L'historique quartier de la Pie, ancienne place forte des déportés de la Commune en banlieue Est. Au bord de la Marne en 1871 dans un endroit non-peuplé de la commune bourgeoise et réactionnaire de Saint-Maur-des-Fossés, 10 familles de Communards originaires du quartier de Belleville sont placés de force dans ce secteur, ce sont les Proscrits de la Commune. Gloire à nos ancêtres et VIVE la Commune !

Foutre ! "les rouges sont a nos portes", les rupins de La Varennes s’inquiètent de cette présence criminogène dans leur agréable villégiature. C'est ainsi que naîtra la Réputation de ce quartier qui fut un haut-lieu de la Truande mais aussi de la Critique Sociale dès cette date. Nous sommes le héritiers direct de ce cocktail détonnant des Classes Dangereuse et Classes Laborieuses.

Cette Colonie Communiste est en fait une création libertaire répertoriée par le Mouvement Anarchiste français. Les gosses de Belleville venaient respirer l'air pur des bords de Marne chez leurs camarades de la Pie. Ces informations et l'iconographie sont tirées d'un livre réactionnaire. L'auteur se réjouie de la "Perte de mémoire" des habitants du quartier, il a tord, cette mémoire nous fut transmise et notre réputation rayonnait encore de Belleville à Saint-Denis jusqu’à la fin des années 1970.

A la fin des années 1970 s'achevait le processus de reconfiguration de l'espace social, l’enfermement architectural dans des "Cités" closes (accéléré a partir de 1954, merci l'abbé Pierre...), la liquidation de la vie nocturne avec la généralisation de la télé et donc la couvre-feu induit de 20 heures contrôlé par les rondes de flics. Ceux qui défiaient cet ordre se voyaient harcelés par la police qui se concentrait sur les derniers îlots de résistance. La Pie en était un. Mai68 avait profondément bouleversé les anciennes conventions sociales y compris chez les voyous, surtout les jeunes. Les drogues allaient se déverser par tonnes en premier lieu chez les rebelles et les marginaux mais La Pie garda son originalité en ceci que les drogues étaient consommées mais gratuitement...

Le braquage de dealers et de pharmacies se développa opposant ceux de la Pie aux autres bandes qui commençaient les business de la came.
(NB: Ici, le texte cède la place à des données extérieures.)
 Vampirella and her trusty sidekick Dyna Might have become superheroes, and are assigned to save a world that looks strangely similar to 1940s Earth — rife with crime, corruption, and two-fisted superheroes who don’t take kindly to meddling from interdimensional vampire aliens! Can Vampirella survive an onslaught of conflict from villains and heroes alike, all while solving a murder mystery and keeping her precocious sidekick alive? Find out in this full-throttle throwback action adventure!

Un épisode tragique eu pour victime Petit Jean, un mec de la Pie qui squattait avec les Autonomes de Belleville. Il voulu les calmer et séparer les deux groupes qu'il connaissait bien mais une balle ne le rata pas. Simple fait divers mais lourd de sens car il rendait difficile la fréquentation des squats de paname pour ceux de notre quartier. Nous étions tricards sans même avoir ni connu ces personnes ni été présent dans ces lieux nous étions encore trop jeune pour cela mais brûlés du seul fait d’être de ce quartier. Les mecs des cités connaissent ce genre de problèmes par cœur... Bien des années plus tard il fallu s'expliquer sur ces faits avec les mecs de Belleville mais nous nous connaissions assez pour pouvoir en parler sans péter les plombs...

C'est donc dans cette fin d'agonie d'un quartier autrefois glorieux que se forma notre groupe informel. Notre bande tranchait avec toutes les autres. Les RDV avaient lieux à la bibliothèque de Saint-Maur (mieux équipée qu'une bibliothèque d'arrondissement parisien, on y volait l'I.S et le reste) comme autour du "Banc de la Pie". Le groupe était mixte et comprenait des PD et pas mal de fils et filles de "réfugiés politiques" donc un mélange de races et nationalités presque improbable. Du Bombage à la critique du Mobilier Urbain, des vols de voitures aux trafics divers nous étions trop voyants et trop bruitant. Insupportés par les lénifiantes classes moyennes qui s'installaient dans le secteur, balancés et re-balancés, il fallut allez voir ailleurs et c'est sur Paris que la suite s'organisa à partir de 1985. Mais cette fois débarrassés des histoires de came qui nous pourrissaient la vie et seuls ceux et celles qui en étaient capables furent admis au nouveau cercle. En quelques années seulement la came assassinat ceux et celles qui étaient restés sur place, origine de notre engagement dans la Lutte contre le SIDA , la Pie fut abandonnée aux "Porteurs de murs".